Hello, I'm new to Apache Kudu. I was really impressed by the concept of
Kudu and benchmark results. I'm considering using (Impala + Kudu) on my
team project.
One of the issues I have is that Kudu Table is too big compared to Parquet
File
- Parquet File: 1.3TB
- Kudu Table: 8.6TB
(both tables configured 3 replica factor)
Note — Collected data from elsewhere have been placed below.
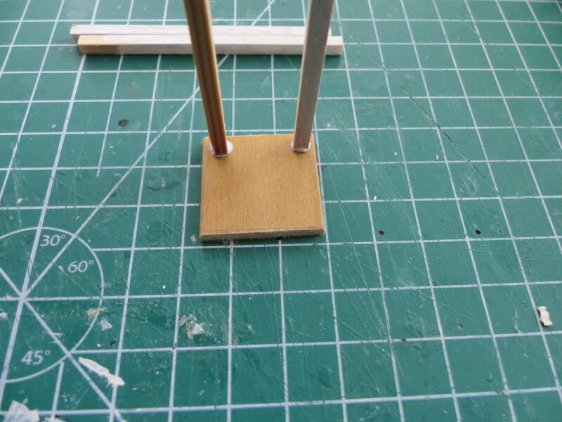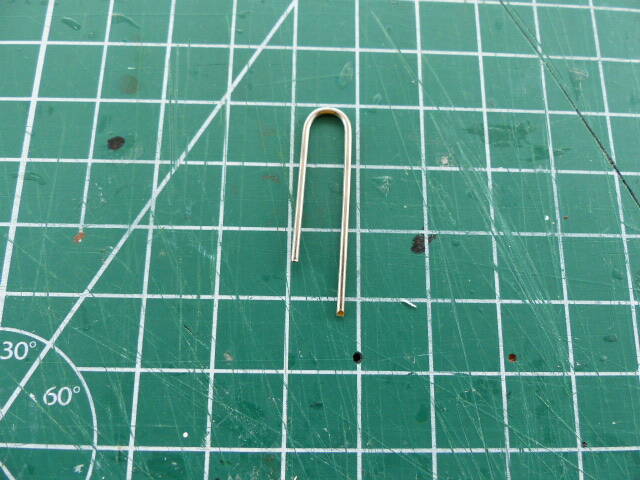 Foto 2 ; Knip 3x 3cm af van het roerstokje en lijm deze straks op de grond bogen.
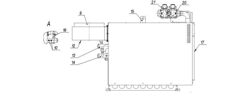 13. Патрубки отопления (подача) 14. Патрубки отопления (обратка) 15. Транспортировочные проушины 16. Сливная пробка 17. Дверка 18. Глазок для контроля пламени 19. Предохранительный клапан 20. Штуцер для замера давления газа 21. Регулятор давления газаы |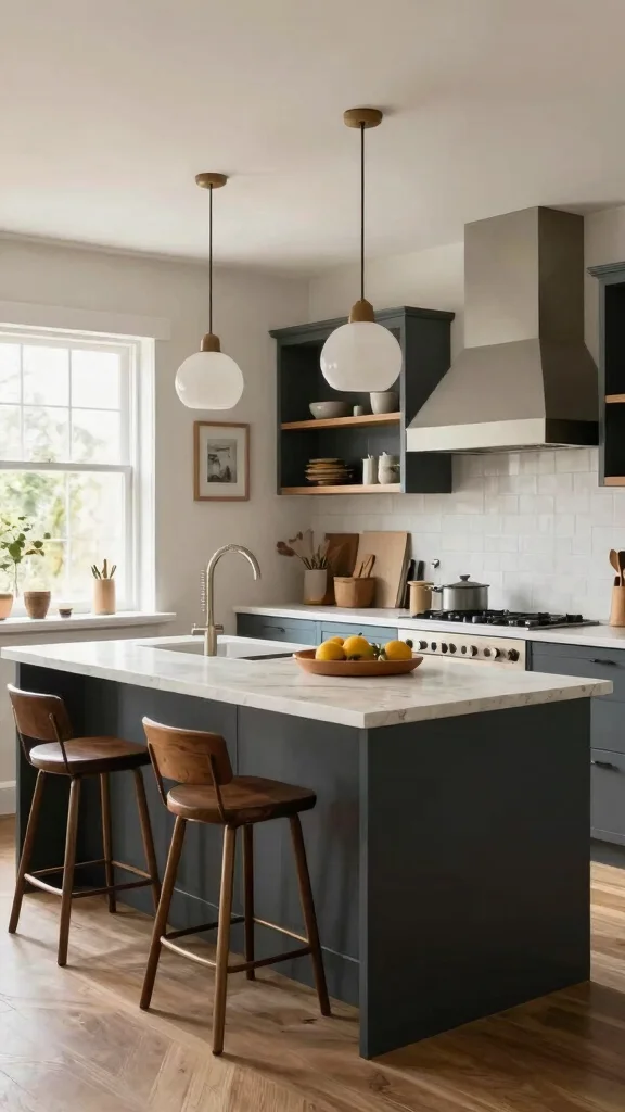 To implement this idea, consider using a color wheel to find the perfect hue that complements your kitchen theme. Contrasting bar stools can further enhance the visual interest without overspending.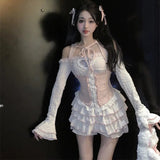 - Discover Angelic Charm: Introducing our "Cinched & Pretty Babydoll Outfit," a captivating blend of soft pink and white hues inspired by angelcore aesthetics.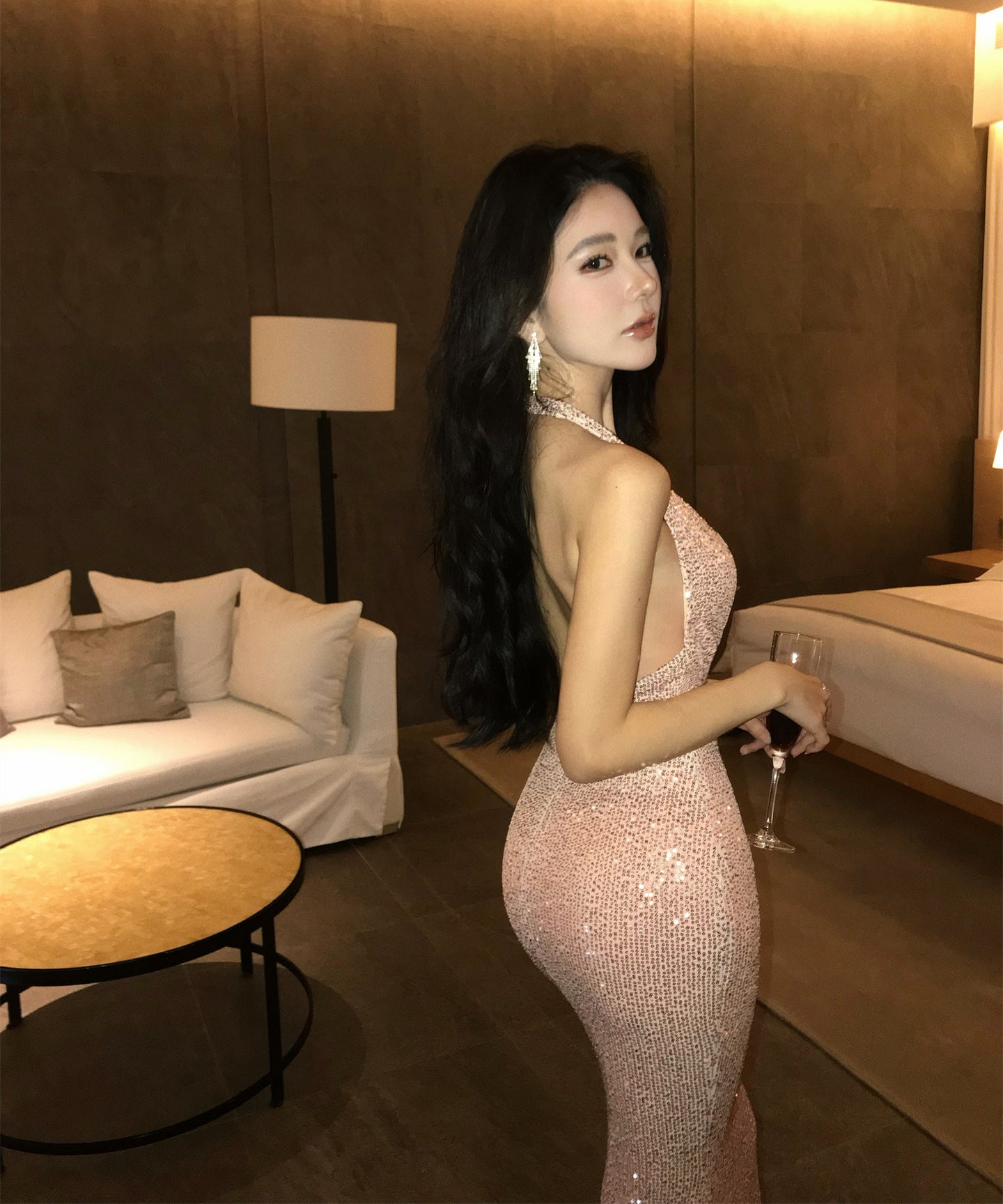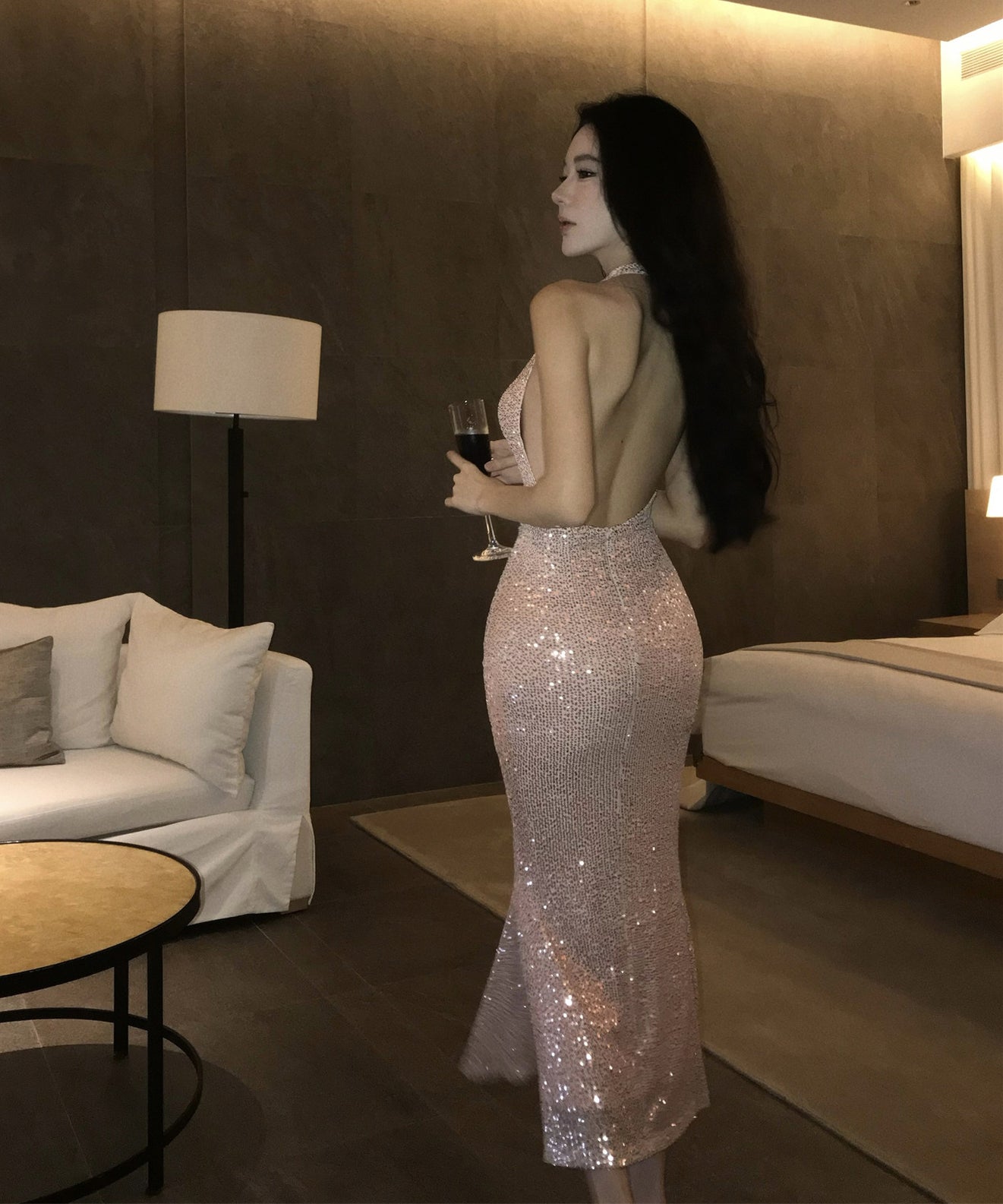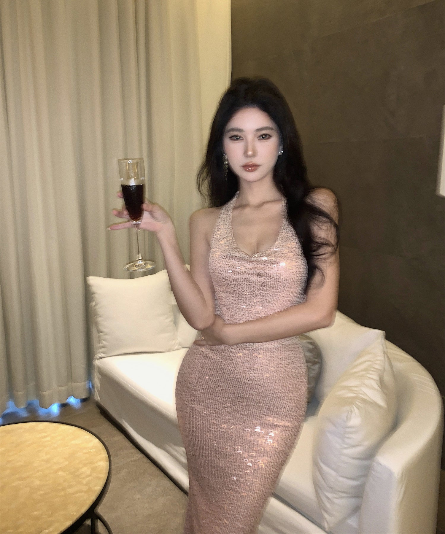 ロングドレス キラキラ キャバドレス partydress パーティー セクシー ホルターネック XH2-DD6472

I'm using Kudu with CDH 5.10 and most of the configurations is not changed
(I've only changed `memory_limit_hard_bytes` and `block_cache_capacity_mb`
to prevent bulk load error)
When I changed `ENCODING` for some fields, only decreased by 5%. I'm
thinking there are some optimization techniques to reduce Kudu table size.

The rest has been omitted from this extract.